Tableau Prep and #PreppinData 2024 week 6

The #PreppinData 2024 week 6 challenge was to find the latest salary per staff member and summarise their tax position given UK income tax bands.

We’re now into intermediary level challenges and so there are less prescriptive steps, and more options to solve the problem your way. For me the problem had two key parts: (1) get the latest row per staff member; and (2) the various calculations for salary and tax paid based on tax bands.

For part one I introduced an aggregage step to get the maximum row number per staff member, and then joined that back onto the input to return only the detals for that last row. I wondered if an alternative might have been to use a “level of detail” expression, with a filter, in a single step.

For part two I included all of the calculations in one “clean” step. I did hardcode the tax bands, and probably could have used a mapping table to allow for reuse in future years. I also hardcoded the sum of month [1] to [12], but perhaps could have found a way to allow for less months to be in the data set, in case the flow needed to be run mid-year.

PD 2024 Wk 6

Tableau Prep and #PreppinData 2024 week 5

The final week of beginner month for #PreppinData involved a bit more complexity around joins, calculations and outputs. On top of Tableau’s getting started tutorial #PreppinData has been a great way to get into Tableau Prep. I’ve invested about 12-15 hours of time and feel like I’ve got a good initial grasp of the product.

The challenge walk through provided less info on the “how”, which in some ways was quite nice as I felt more license to solve the problem my way. On the other hand I wonder if I should have made my flow less complex instead of aiming for one data set that could then be filtered down to the different outputs.

#PreppinData 2024 week 5 solution flow

Tableau Prep and #PreppinData 2024 week 4

#PreppinData 2024 week covered using join types, in this case to understand which seats aren’t chosen given a seating plan and booking data.

I had a preconceived idea of the solution here, as I’m used to using LEFT OUTER JOIN in SQL and then having a WHERE clause that returns rows where the result from the right hand table IS NULL. So I was expecting to have a join and then a filter in my flow. However, Tableau Prep has some additional join types that let you return entries where there are only values in the left table, only values in the right table, or even a “not inner” join for entries only in the left or right but not in both. I gave the left only option a go and it did the job nicely! Great how you can click on the segment of the venn diagram representation of the join to select the type too.

PreppinData week 4 solution using left only join

 

Extra left and right only join types in Tableau Prep

Tableau Prep and #PreppinData 2024 week 3

Two lots of Tableau Prep practice this week. A forum question (see end of post) and #PreppinData 2024 week 3. The challenge for #PreppinData was to join targets from a spreadsheet, with a sheet per quarter, to our previous sales figures. And then to calculate difference from target.
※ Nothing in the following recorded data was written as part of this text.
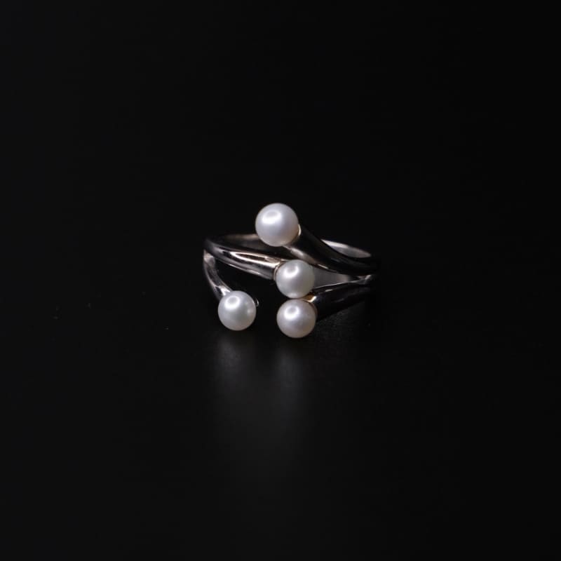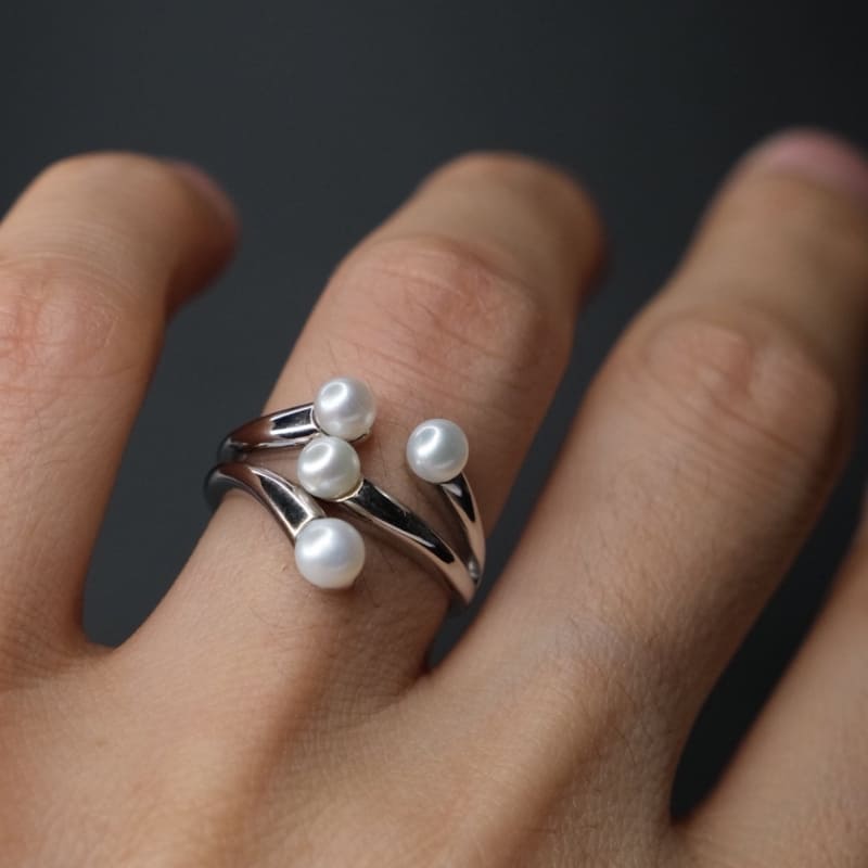 Дөрвөн ширхэг жижиг сувдны зөөлөн гэрэл торгон мэт гялалзаж, гарын хөдөлгөөн бүр дээр анхаарал татах тансаг хийцтэй бөгж.
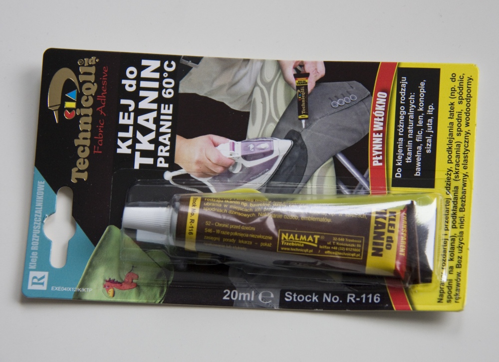 Flagę zrobiłem z kolorowych wstążek sklejonych klejem do tkanin. Klej jest bezbarwny, elastyczny i bardzo mocny. Klejone materiały można prać, prasować, itd.
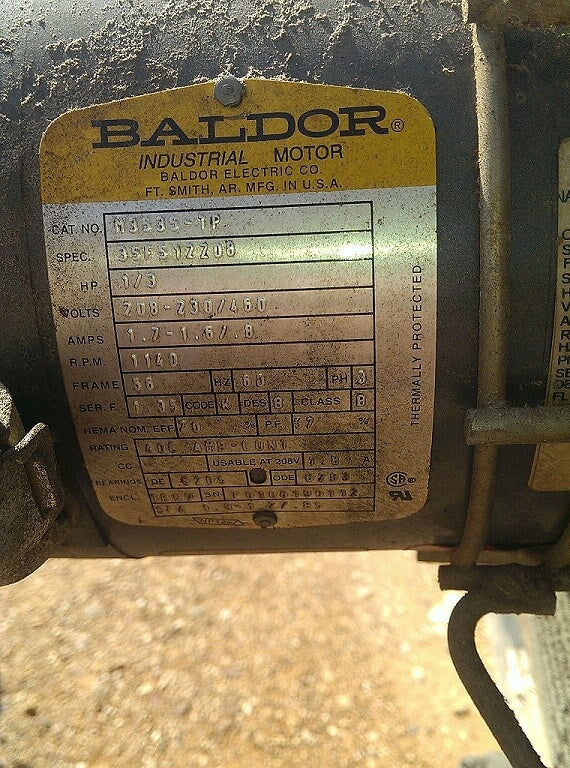 Frigid Coil Ammonia Evaporator. Model: HTC-184-1/3-C.W. Serial: 27995. Year: 1988. Test pressure: 350 PSI. Refrigerant H20. Baldor Industrial Motor: 1/3 HP, 208-230/460V, 1.7-1.6/0.8 amps, 1140 RPM, 3-phase, 60 Hz. Dimensions: 48 x 35 x 32 inches.
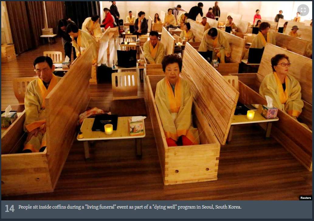 ‘People sit inside coffins during a ‘living funeral’ event as part of a ‘dying well’ program in Seoul, South Korea.’

Similar union and clean up steps to previous challenges to get to the point where there are two data sets to join, and where we have consistent fields in both (first letter of class, and a month number). Then the join is pretty straightforward:

Tableau prep solution for PreppinData week 3, showing join


The forum question involved duplicating a set of rows – once for each value in a comma separated list in one of the columns. And then filtering out any cases where a value in another column appeared in the list. What I found interesting about Tableau Prep in this case was that I can specify a wildcard search for the pivot (B below), but for the initial split whilst I can select “all” it does still hardcode the number of columns split out (A below). So one of the tasks would robustly handle the introduction of more values in the comma separated list, but the other task would not … I think. The workarounds I came across seemed to be to work out how many values you could have in the string and specify enough splits to handle that number. I wonder if that could be improved…

forum-question-2024-01-a

Tableau Prep and #PreppinData 2024 week 2

Week two of getting to grips with Tableau Prep and I decided to countinue with #PreppingData. The team of Carl Allchin, Jenny Martin and Tom Prowse do a great job of picking challenges that gradually introduce you to functionality. This week covered unions, aggregation and reshaping data using pivots. I was particularly interested in pivots, as that’s a frequent challenge people have on the Tableau forums where we talk about data prep being a good option.

A more complex flow this time, and it probably took around 45-60 minutes. Below is my finished flow. And following that I share some more thoughts on this weeks use of Tableau Prep in the form of a quick “I like, I wish, I wonder” retro. Spoiler alert, there was a wow moment for me this week!

Week 2 solution:

My PreppinData week 2 solution


I like:

  • I liked that I could copy and paste the first aggregation step and then change the type of aggregation and the description on the copy.
  • And there was a moment of genuine delight when I realised I could copy the pivot step and paste against a different input (with the same pattern). I loved that!
    Tableau Prep option to paste in a step



I wish:

  • The fields didn’t reorder between steps. This is probably my OCD talking though!
  • I could define a sort order for the output. It would make it easier to sense check the output (granted it is easy to open in Excel and sort though).

I wonder:

  • If I needed to aggregate before pivoting, as the pivot step allowed me to pick an aggregation?
  • if it would be valuable to have a quick create option for pivot “rows to columns”? It took me a while to spot the option to change the pivot direction (screenshot below), when my brain was looking for an “unpivot” option instead.
    Tableau Prep pivot option to switch between Rows to Columns and Coliumns to Rows

Getting started with Tableau Prep

I’ve been meaning to explore Tableau Prep for a while and finally took it for a test drive.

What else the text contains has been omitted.